NC: We were working on a song [in the living room,] and Chris was throwing his ideas out at us. We were getting close to finishing it, but we needed another part. Chris left the house and went outside to a bench under these trees to work on some lyrics. I didn’t know where he had gone, so I went out to the other side of the house to the deck with an acoustic guitar, trying to come up with this part. When I came up with it, I came in and I said, “Where’s Chris?” Somebody said, “He’s out there.” So I walked out with my guitar, found him and said, “Check this out.” He said, “I like it.” We came in and finished the tune. That’s what you get out of a place like this. You get to walk outside into your little stand of trees and just work on your ideas and bring them back together.

DEADHEAD DNA

CR: We’re recording just down the road from the spot where Jerry was really at his best. But, in a weird way, this album is the least that we have been influenced by him.
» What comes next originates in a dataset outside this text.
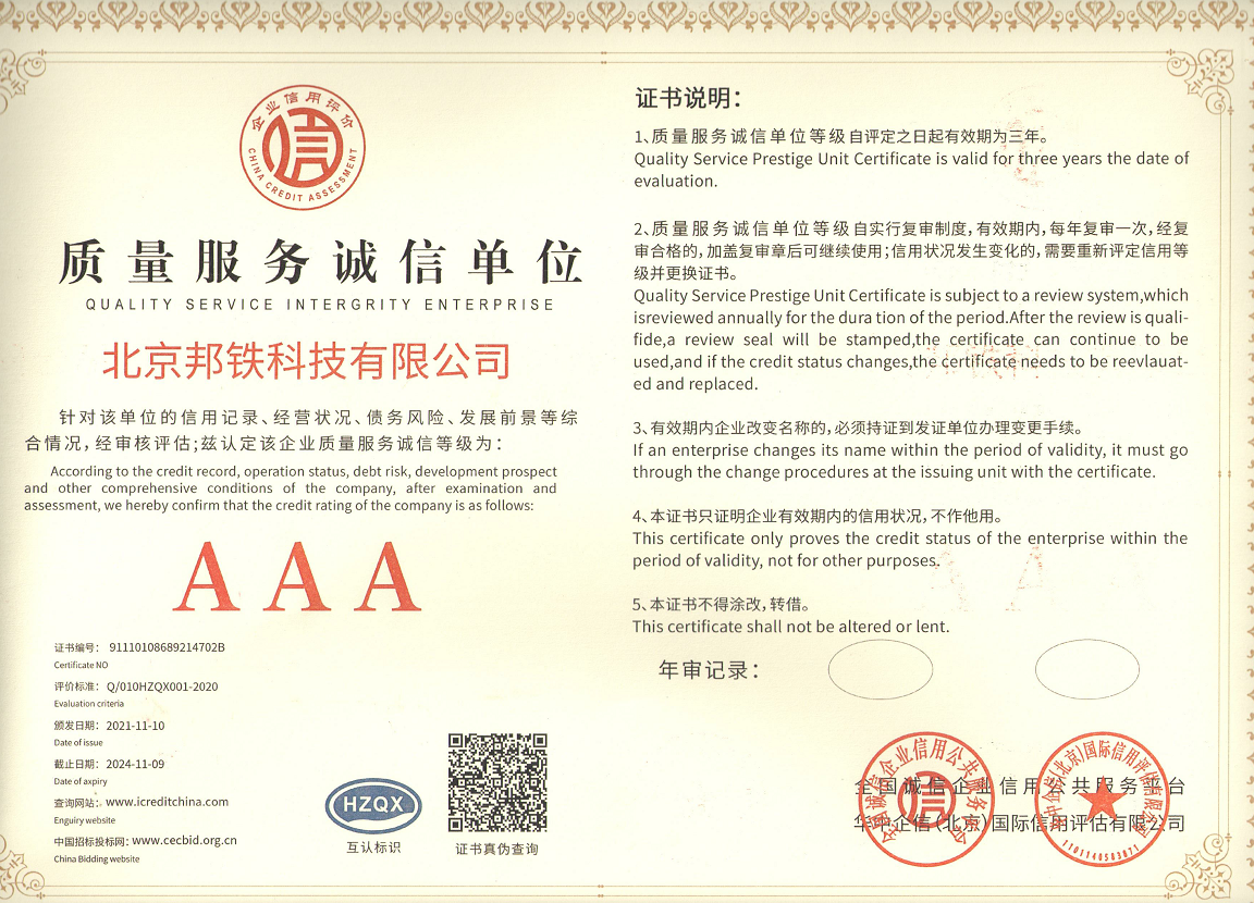 質(zhì)量服務(wù)誠(chéng)信單位-AAA證書(shū)

NC: To help start the band, the Grateful Dead model helped get us on our feet conceptually. But now that we are on our feet, and we’ve developed our own identity, it’s not as necessary a touchstone for us. It’s there in our fabric because the DNA of the band was built through that. We’ve all been doing our time—Tony, as a Deadhead kid, has seen more shows than any of us, but I saw my share and Chris saw his share, and we’ve been playing with Phil.

EXPANSIVE AMBITION

CR: Our ambition—what we are doing musically and what we’ve bitten off—is expansive in nature. That’s part of what was interesting about [the 2012 releases] Big Moon Ritual and The Magic Door, and what we were trying to do with that situation. Conventional wisdom would have said, “Take the best songs from both records and make one record, blah blah blah.” If you’re Adele, then you only get to put out one record every three or four years because so many people are trying to get their Christmas bonus off of her singing. We have the luxury of being free from that. So, that also gives us this great place to be super creative with not only what we release, but how and when we release things. It’s art-driven. We’ll see what lies on the horizon. It should be equally as creative as we are with the music, equally as creative as how it’s put out there.